I have problem with this code:
  public static class FirstGroupingComparator
                implements RawComparator<IntPair> {
    @Override
    public int compare(byte[] b1, int s1, int l1, byte[] b2, int s2, int l2) {
      return WritableComparator.compareBytes(b1, s1, Integer.SIZE/8,
                                             b2, s2, Integer.SIZE/8);
    }
    @Override
    public int compare(IntPair o1, IntPair o2) {
      int l = o1.getFirst();
      int r = o2.getFirst();
      return l == r ? 0 : (l < r ? -1 : 1);
    }
  }


How do I write the code inside the first compare function?  What should I put as 
the length of the String and float (primitive type) in the compareBytes 
function?  Does anyone have any examples for a pair of String and float?

Thanks.  Merry Christmas.



      

Re: How to do Secondary Sort on a String and a float?

Posted by Harsh J <qw...@gmail.com>.
Hi,

You can use WritableComparator for "Writable" serializations. Docs
here: http://hadoop.apache.org/common/docs/current/api/org/apache/hadoop/io/WritableComparator.html

The issue lies with how you're encoding your pair of <String, Float>.
If you know sizes defined for each (or have a marker byte between,
etc.), you can extract the bytes out of the required object alone
(String or Float) and use the compareBytes function on it.
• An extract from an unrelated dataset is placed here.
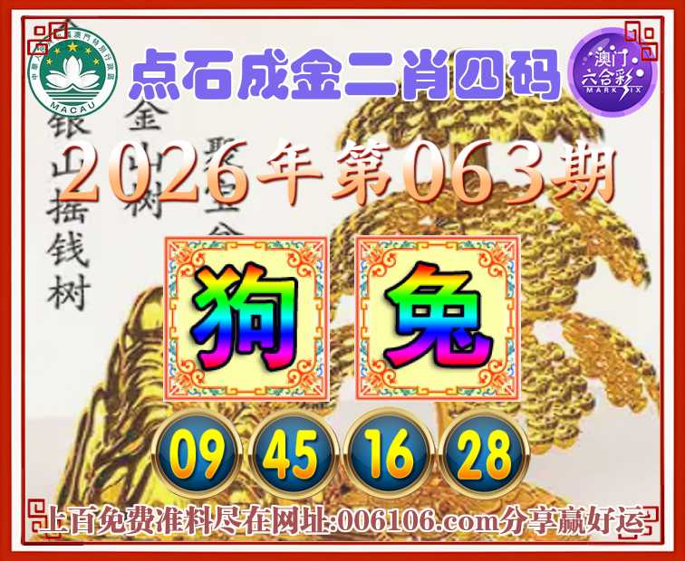 063期:《点石成金》  ♣️二肖四码 ♣️【狗】【09.45.16.28】开:兔28准公开见证
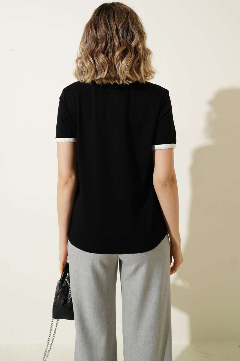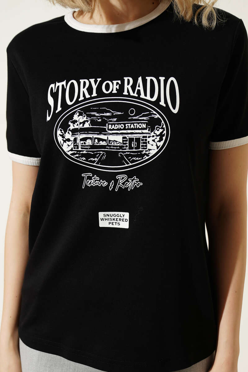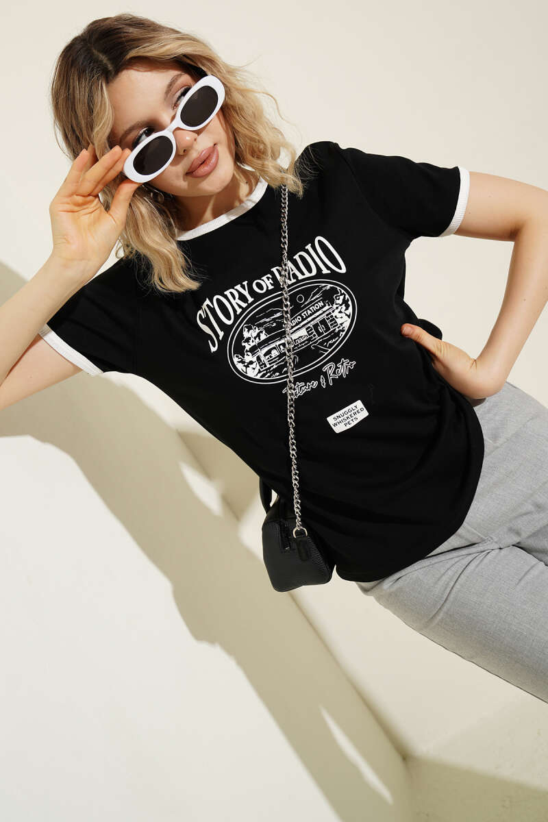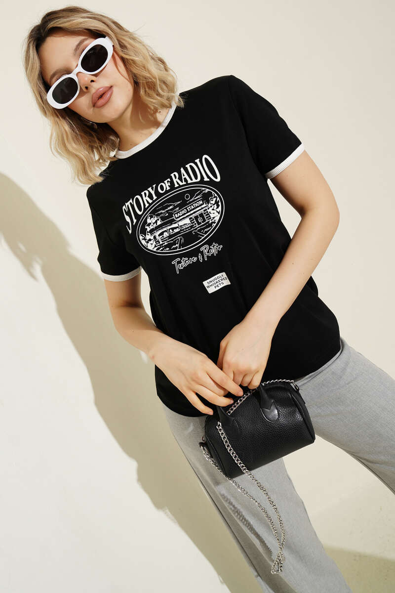 Kol Ve Yaka Biyeli Yazılı T-shirt Siyah

The "s1 &
s2" define start points, and "l1 and l2" define lengths to read from
"s1 & s2" points -- on the passed byte[] arrays for the two "Writable"
objects.

You can also, perhaps, de-serialize the whole byte stream (via your
Writable.readFields()) and then compare object-wise -- but this would
make it slow, since byte-to-byte comparisions are faster, hence
RawComparator.

Avro has a neat serialization, I prefer using it over plain Writables.
Working with a "Schema" is much more easier.

-- 
Harsh J
www.harshj.com